Let's boil this down to fundamentals: Why should the rest of us have to shoulder the burden because some buyers made poor choices, overextended themselves and bought more house than they could afford? Why should other business owners bear the costs of lenders' failed bets? And why are falling home prices such a catastrophe to be "fixed" in the first place? Sacramento Bee columnist Daniel Weintraub put it well:
"It is great news when the price of energy, food, transportation, health care and consumer electronics drops. But for some reason it is bad news when the price of shelter drops. . . . Shouldn't we be seeing stories filled with anecdotes about formerly priced-out middle-income families finally getting their chance at the American Dream?"
There's another side of the housing crunch equation that's not making it onto the newspaper front pages and presidential campaign websites. "For every house sold because the buyer couldn't make the payments," Weintraub notes, "there is a buyer on the other end of that transaction who got a good deal. And for every foreclosure, there are probably 10 buyers of nearby homes who benefited from the general easing of house-price pressure." Bingo.

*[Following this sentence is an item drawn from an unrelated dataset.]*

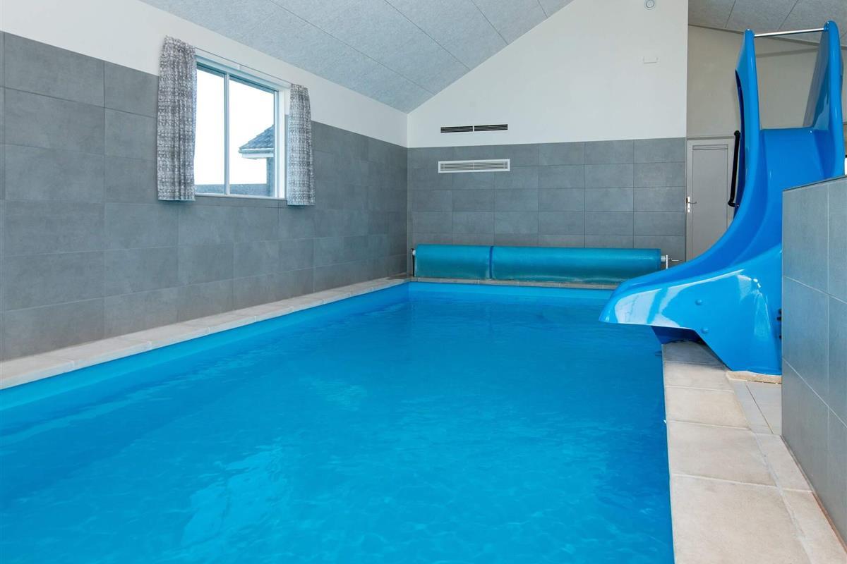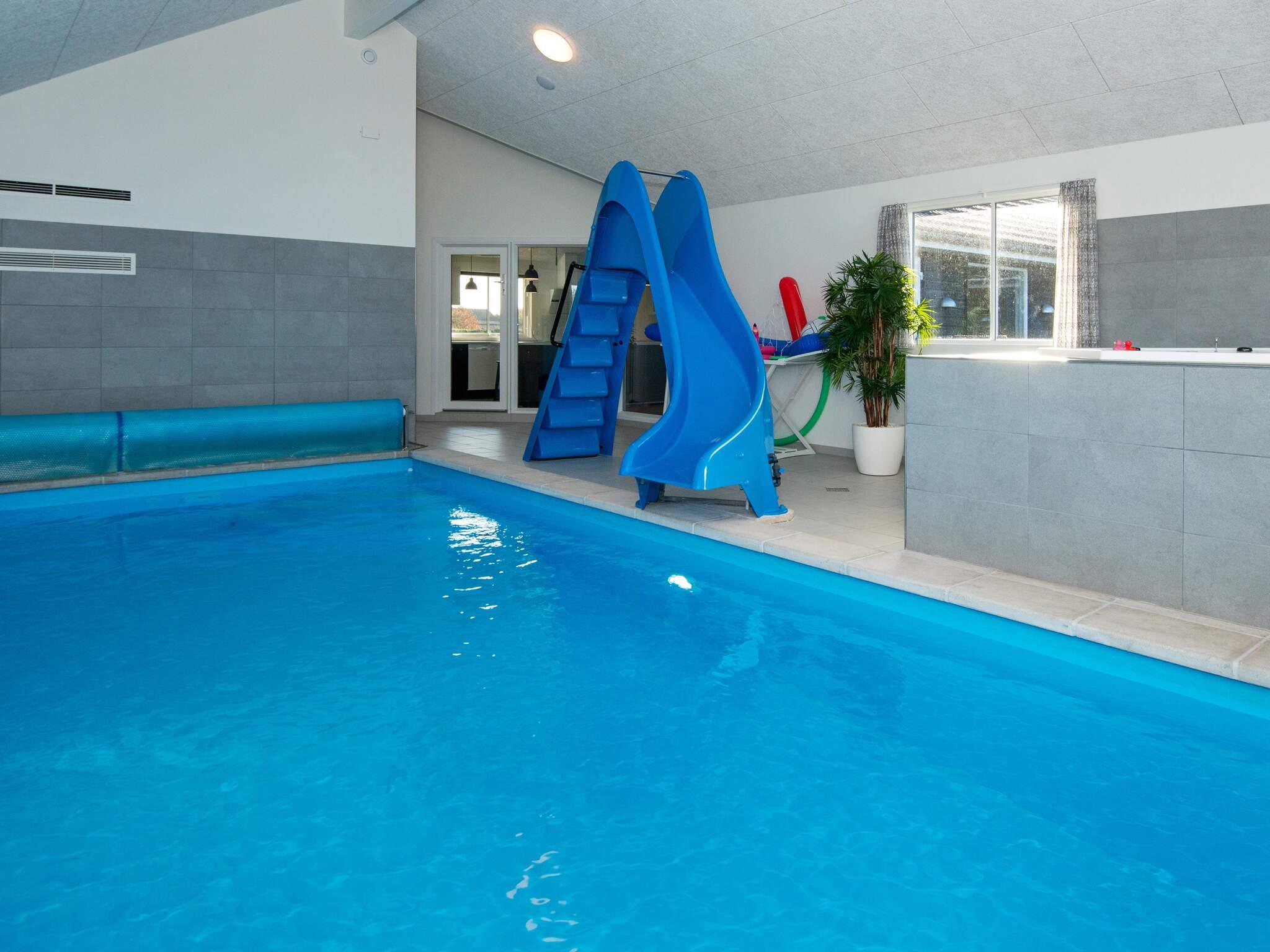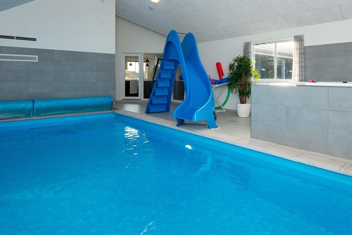 Der Pool ist 23 m² groß und hat zur großen Freunde der Kinder eine Rutsche. Um die Fitness zu trainieren, kann der Schwimmtrainer genutzt werden. Zur Entspannung stehen im Poolbereich außerdem ein großer Whirlpool und eine Sauna mit Platz für jeweils max. sechs Personen bereit.

Fiscal conservatives ought to be balking at Hillarycare for housing. But President Bush's treasury secretary, Hank Paulson, is singing a similar tune. He proposed a new safety net to stem the tide of home foreclosures through a bailout plan for homeowners with bad credit scores. They'd be eligible for relief from paying hundreds of dollars in additional monthly payments when their mortgage rates reset. Those who have been responsible enough to maintain good credit, however, will be out of luck. In addition, Federal Reserve Chairman Ben Bernanke has proposed that government-sponsored mortgage enterprises Fannie Mae and Freddie Mac be allowed to raise their loan limits and have their debt explicitly guaranteed by the public dole.
Lawmakers on both sides of the aisle are colluding to protect the reckless and keep home prices high on the backs of prudent taxpayers. Who'll bail us out from this perversion of the American Dream?